··· GIVEN INFORMATION

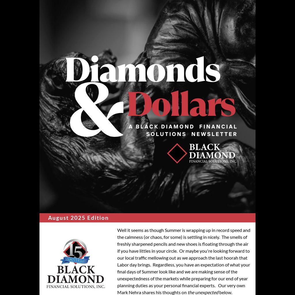 Well it seems as though Summer is wrapping up in record speed and the calmness (or chaos, for some) is settling in nicely. The smells of freshly sharpened pencils and new shoes is floating through the air if you have littles in your circle. Or maybe you're looking forward to our local traffic mellowing out as we approach the last hoorah that Labor day brings. Regardless, you have an expectation of what your final days of Summer look like and we are making sense of the unexpectedness of the markets while preparing for our end of year planning duties as your personal financial experts. Our very own Mark Nehra shares his thoughts on the unexpected below.
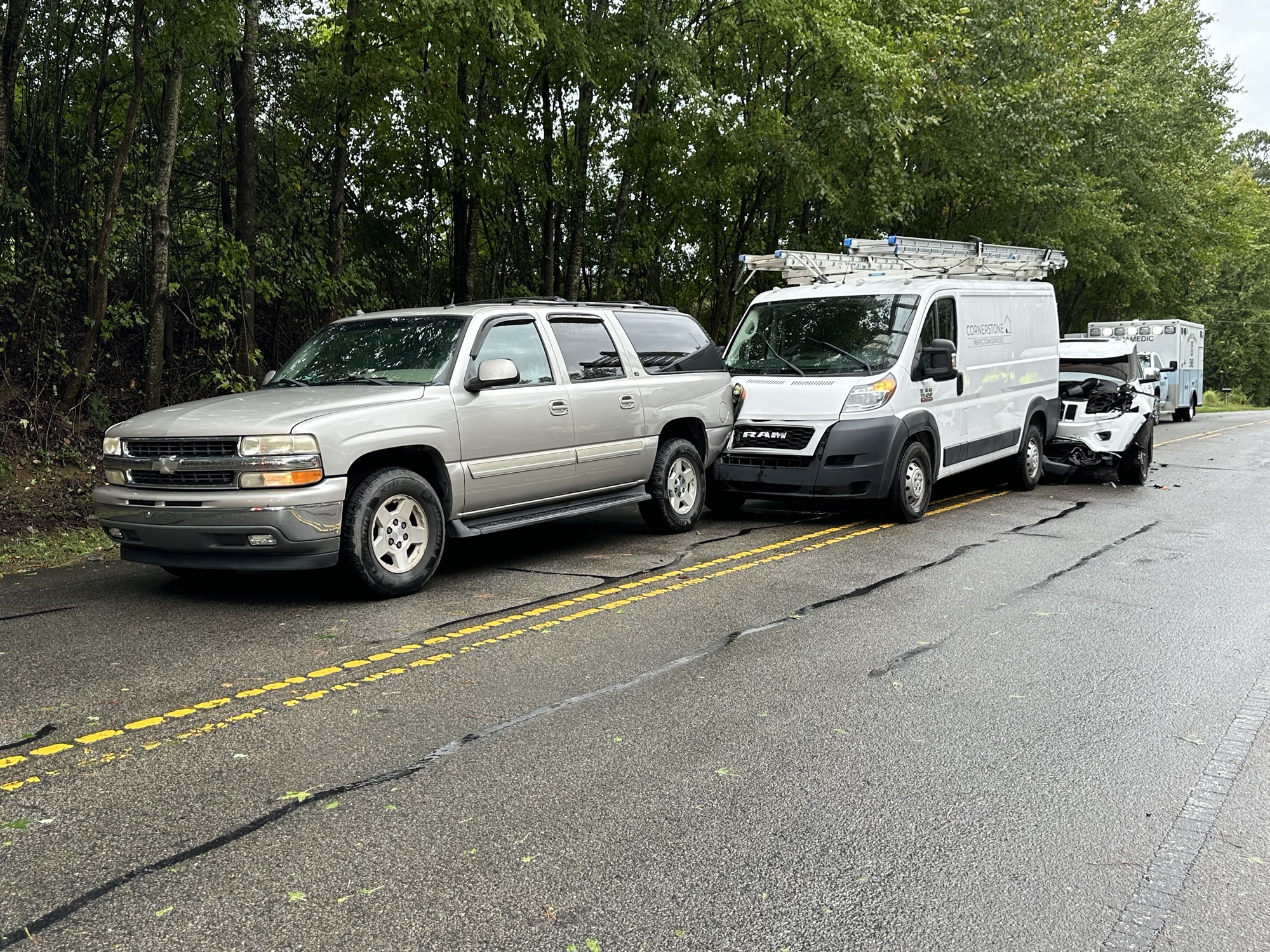 The two occupants of the Suburban were transposed to the hospital with minor injuries. The driver of the Jeep was evaluated at the scene. The driver of the RAM work van was not injured.
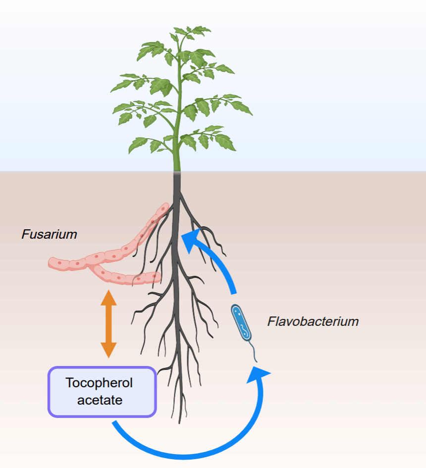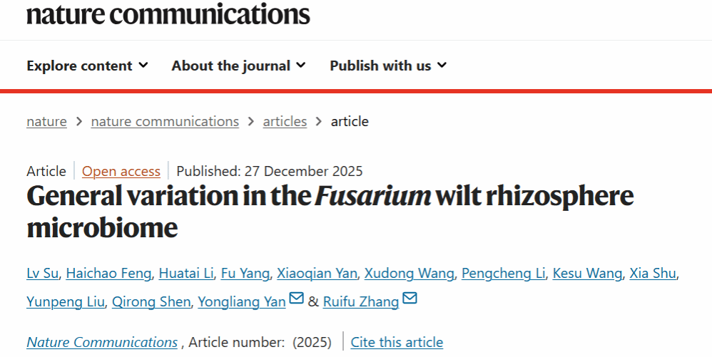 近日,《自然·通讯》(Nature Communications)在线发表了南京农业大学沈其荣院士团队张瑞福教授课题组、中国农业科学院生物技术研究所与河南大学农学院合作最新研究成果“General variation in the Fusarium wilt rhizosphere microbiome”。该研究通过多组学数据整合与实验验证,系统揭示了致病镰刀菌(Fusarium spp.)入侵下根际微生物组稳定的变化特征,并阐明了益生黄杆菌(Flavobacterium)通过根系分泌物生育酚(tocopherol acetate,维生素E衍生物)介导的富集机制,为土传病害的生态防控提供了理论依据与策略。

······

[WORK TO COMPLETE]: Without including any picture, reproduce all of the material exactly.

[SOLUTION FOR THIS TASK]:
 Well it seems as though Summer is wrapping up in record speed and the calmness (or chaos, for some) is settling in nicely. The smells of freshly sharpened pencils and new shoes is floating through the air if you have littles in your circle. Or maybe you're looking forward to our local traffic mellowing out as we approach the last hoorah that Labor day brings. Regardless, you have an expectation of what your final days of Summer look like and we are making sense of the unexpectedness of the markets while preparing for our end of year planning duties as your personal financial experts. Our very own Mark Nehra shares his thoughts on the unexpected below.
 The two occupants of the Suburban were transposed to the hospital with minor injuries. The driver of the Jeep was evaluated at the scene. The driver of the RAM work van was not injured.
 近日,《自然·通讯》(Nature Communications)在线发表了南京农业大学沈其荣院士团队张瑞福教授课题组、中国农业科学院生物技术研究所与河南大学农学院合作最新研究成果“General variation in the Fusarium wilt rhizosphere microbiome”。该研究通过多组学数据整合与实验验证,系统揭示了致病镰刀菌(Fusarium spp.)入侵下根际微生物组稳定的变化特征,并阐明了益生黄杆菌(Flavobacterium)通过根系分泌物生育酚(tocopherol acetate,维生素E衍生物)介导的富集机制,为土传病害的生态防控提供了理论依据与策略。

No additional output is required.